** Source material follows **
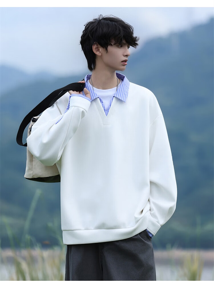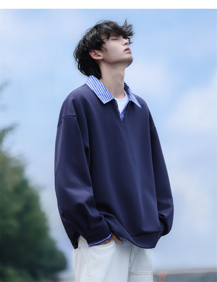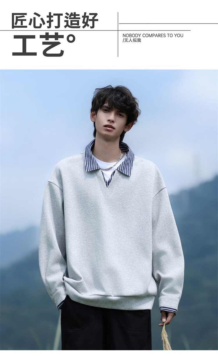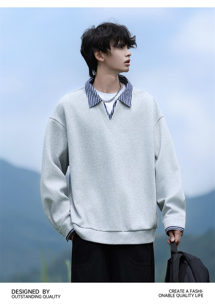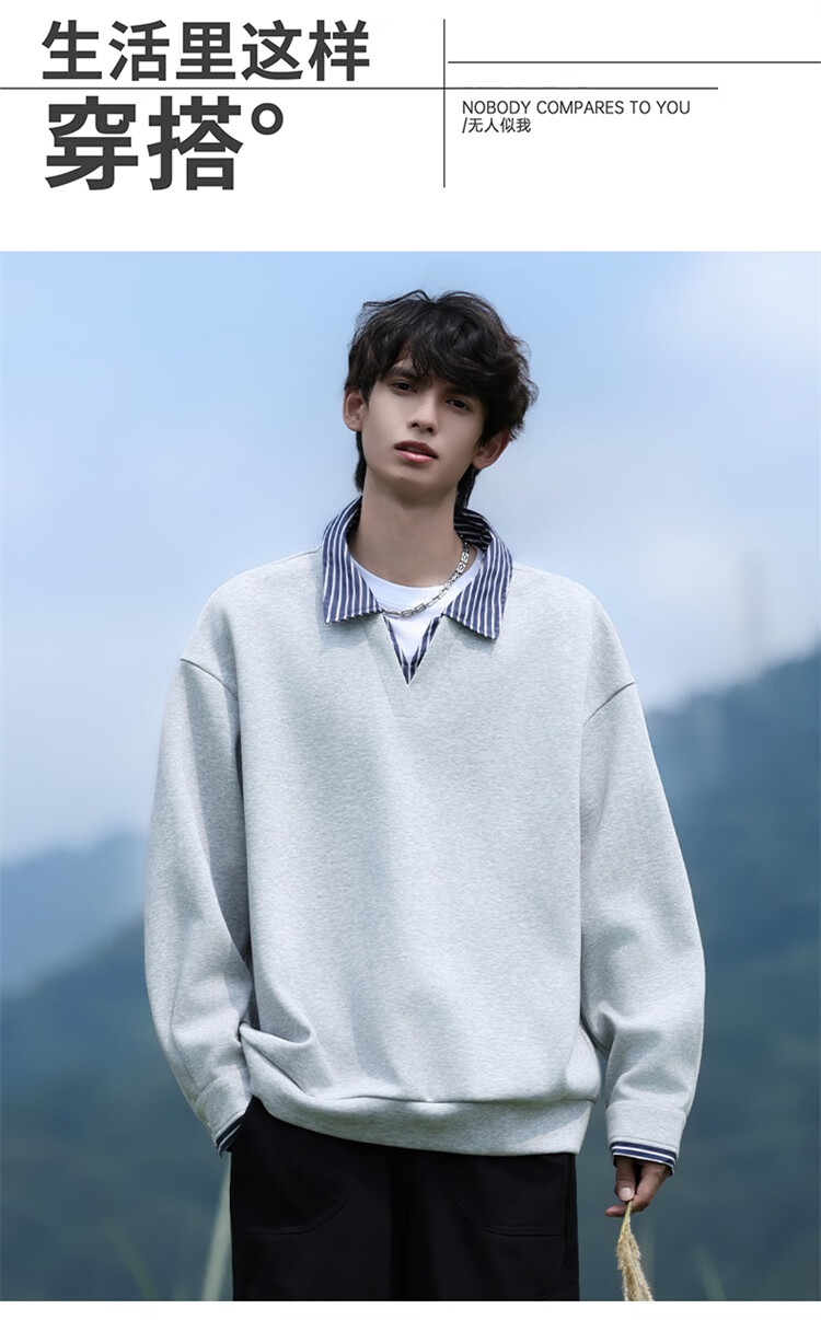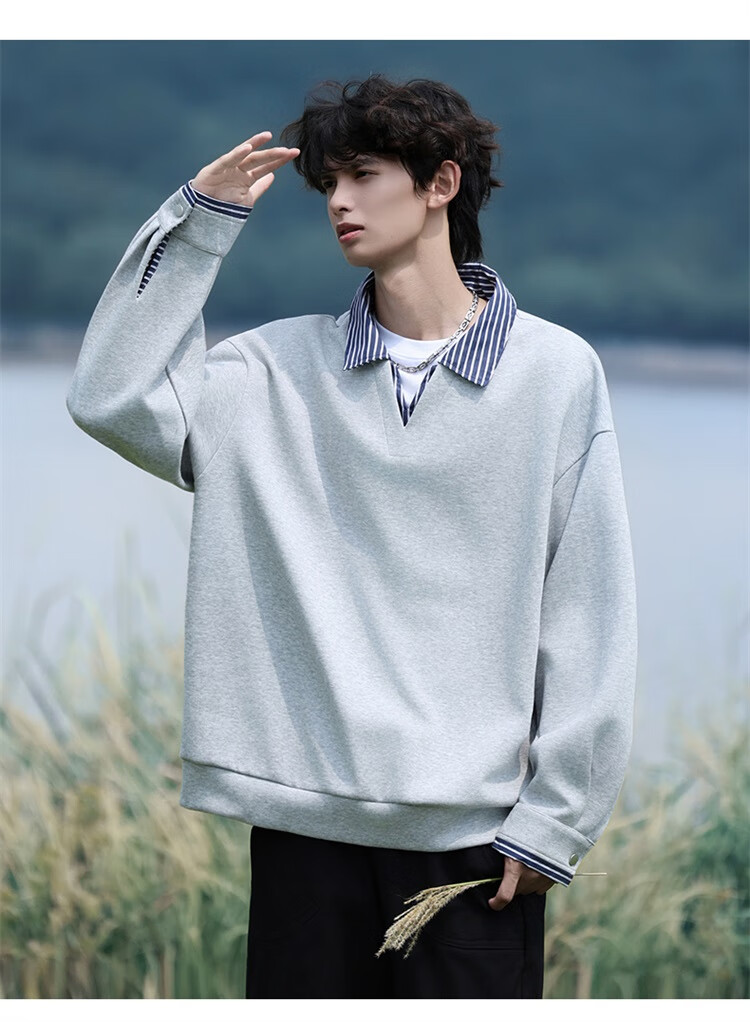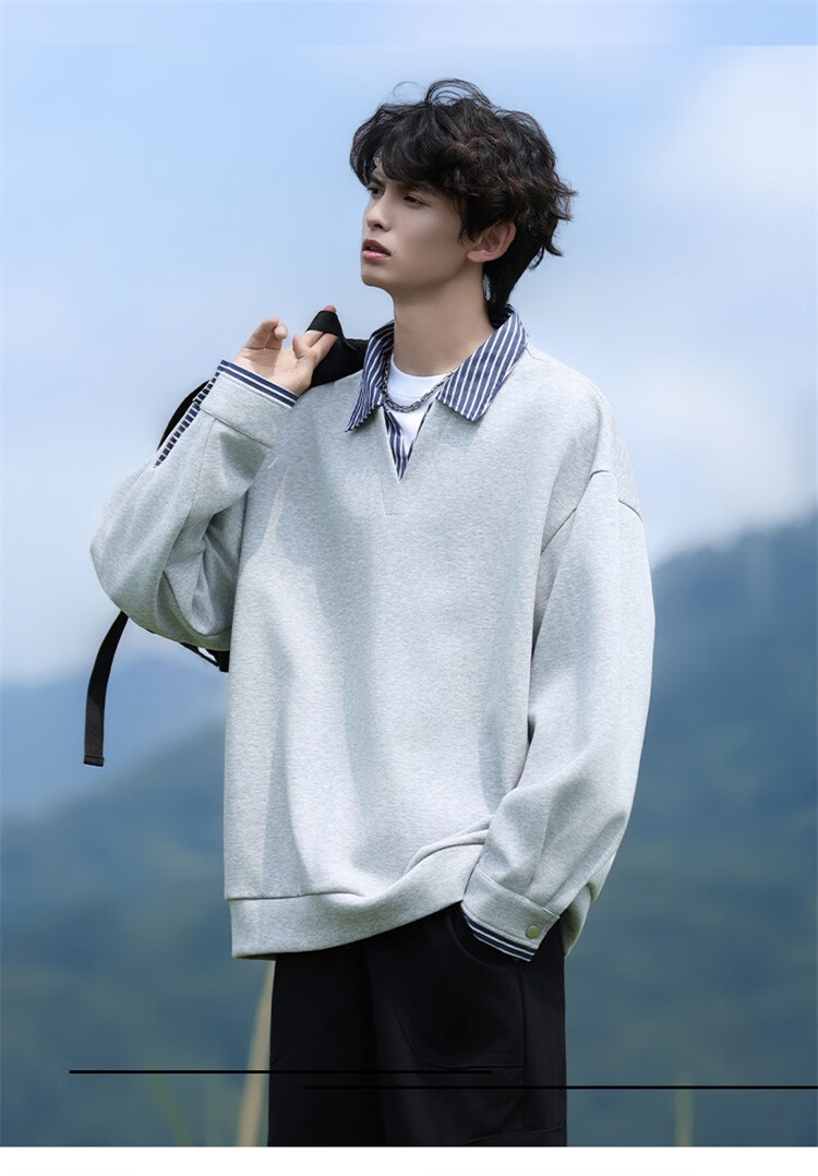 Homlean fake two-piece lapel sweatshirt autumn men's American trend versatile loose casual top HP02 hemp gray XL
** End of Source material **
** Source material follows **
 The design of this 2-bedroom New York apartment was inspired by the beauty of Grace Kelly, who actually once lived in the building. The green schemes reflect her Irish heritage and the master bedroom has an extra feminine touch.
** End of Source material **
** Source material follows **
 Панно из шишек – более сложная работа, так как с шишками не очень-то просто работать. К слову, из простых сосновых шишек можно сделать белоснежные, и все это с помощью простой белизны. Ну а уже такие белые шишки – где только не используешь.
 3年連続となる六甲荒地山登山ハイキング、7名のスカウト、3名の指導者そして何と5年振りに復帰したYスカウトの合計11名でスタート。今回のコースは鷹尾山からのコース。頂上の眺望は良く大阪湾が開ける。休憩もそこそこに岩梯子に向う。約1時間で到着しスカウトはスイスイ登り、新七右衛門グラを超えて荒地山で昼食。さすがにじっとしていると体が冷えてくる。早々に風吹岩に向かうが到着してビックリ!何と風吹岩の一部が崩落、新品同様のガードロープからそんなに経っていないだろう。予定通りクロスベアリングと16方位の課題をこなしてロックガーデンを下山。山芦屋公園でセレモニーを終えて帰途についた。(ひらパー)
** End of Source material **
**Problem details:** Referring to the material above, set down exactly the lines between the line with "Панно из шишек" and the line with "3年連続となる六甲荒地山登山", inclusive, and no other lines.

**Output of the task:**
 Панно из шишек – более сложная работа, так как с шишками не очень-то просто работать. К слову, из простых сосновых шишек можно сделать белоснежные, и все это с помощью простой белизны. Ну а уже такие белые шишки – где только не используешь.
 3年連続となる六甲荒地山登山ハイキング、7名のスカウト、3名の指導者そして何と5年振りに復帰したYスカウトの合計11名でスタート。今回のコースは鷹尾山からのコース。頂上の眺望は良く大阪湾が開ける。休憩もそこそこに岩梯子に向う。約1時間で到着しスカウトはスイスイ登り、新七右衛門グラを超えて荒地山で昼食。さすがにじっとしていると体が冷えてくる。早々に風吹岩に向かうが到着してビックリ!何と風吹岩の一部が崩落、新品同様のガードロープからそんなに経っていないだろう。予定通りクロスベアリングと16方位の課題をこなしてロックガーデンを下山。山芦屋公園でセレモニーを終えて帰途についた。(ひらパー)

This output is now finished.